Pasal 8 s/d 18 Cukup jelas
Pasal 19
Yang dapat
menjadi wali terdiri dari wali nasab dan wali hakim, wali anak angkat dilakukan
oleh ayah kandung.
Pasal 20 s/d 71 Cukup jelas
Pasal 72
Yang dimaksud
dengan penipuan ialah bila suami mengaku jejaka pada waktu nikah kemudian
ternyata diketahui sudah beristeri sehingga terjadi poligami tanpa izin
Pengadilan. Demikian pula penipuan
terhadap identitas diri.
Pasal 73 s/d 86 Cukup jelas
Pasal 87
Ketentuan pasal
ini diberlakukan setelah berlakunya Undang-undang Peradilan Agama.
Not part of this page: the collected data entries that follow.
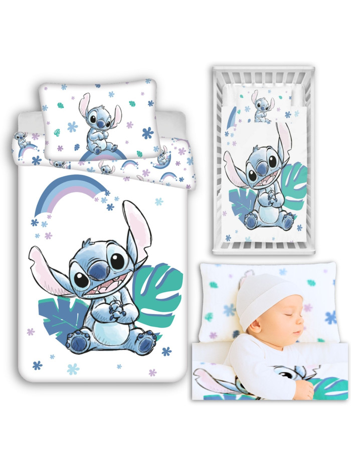 KOMPLET POŚCIELI DO ŁÓŻECZKA DZIECIĘCEGO 100X135 CM LILO I STITCH TĘCZA
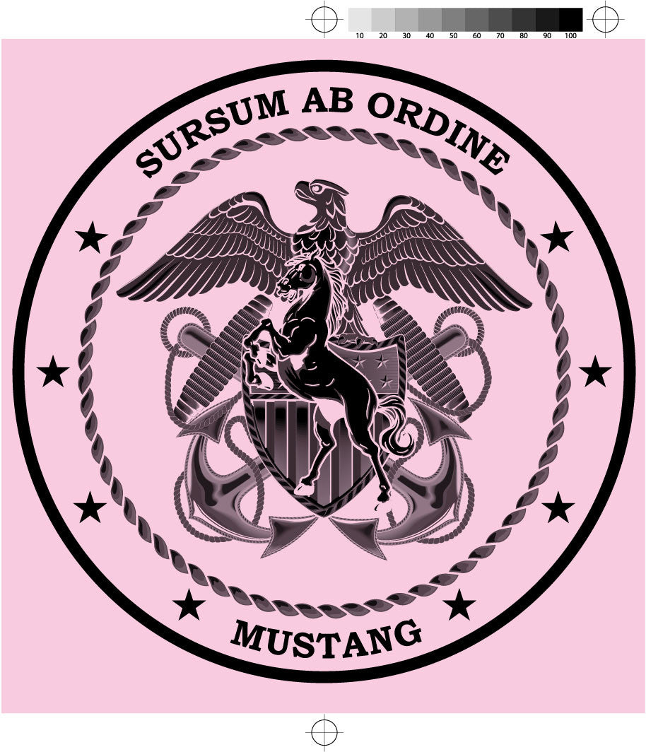 Logo is on the front as well as the back that says "Sursum Ab Ordine" and Mustang".
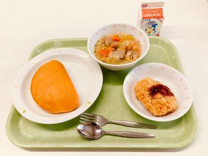 今日は、コロッケバーガー、野菜のポトフ、牛乳です。

Pasal 88 s/d 93 Cukup jelas
Pasal 94
Ketentuan pasal
ini diberlakukan setelah berlakunya Undang-undang Peradilan Agama.
Pasal 95 s/d 97
Cukup jelas
Pasal 98
Ketentuan pasal
ini diberlakukan setelah berlakunya Undang-undang Peradilan Agama.
Pasal 99 s/d 102
Cukup jelas
Pasal 103
Ketentuan pasal
ini diberlakukan setelah berlakunya Undang-undang Peradilan Agama.
Pasal 104 s/d
106
Cukup jelas
Pasal 107
Ketentuan pasal
ini diberlakukan setelah berlakunya Undang-undang Peradilan Agama.
Pasal 108 s/d
118
Cukup jelas
Pasal 119
Setiap talak yang
dijatuhkan oleh Pengadilan agama adalah talak ba’in sughraa.
Pasal 120 s/d
128
Cukup jelas
Pasal 129
Ketentuan pasal
ini diberlakukan setelah berlakunya Undang-undang Peradilan Agama.
Pasal 130 Cukup jelas
Paal 131
Ketentuan pasal
ini diberlakukan setelah berlakunya Undang-undang Peradilan Agama.
Pasal 132
Ketentuan pasal
ini diberlakukan setelah berlakunya Undang-undang Peradilan Agama.
Pasal 133 s/d
147
Cukup jelas
Pasal 148
Ketentuan pasal
ini diberlakukan setelah berlakunya Undang-undang Peradilan Agama.
Pasal 149 s/d
185
Yang dimaksud
dengan anak yang lahir di luar perkawinan adalah anak yang dilahirkan di luar
perkawinan yang sah atau akibat hubungan yang tidak sah.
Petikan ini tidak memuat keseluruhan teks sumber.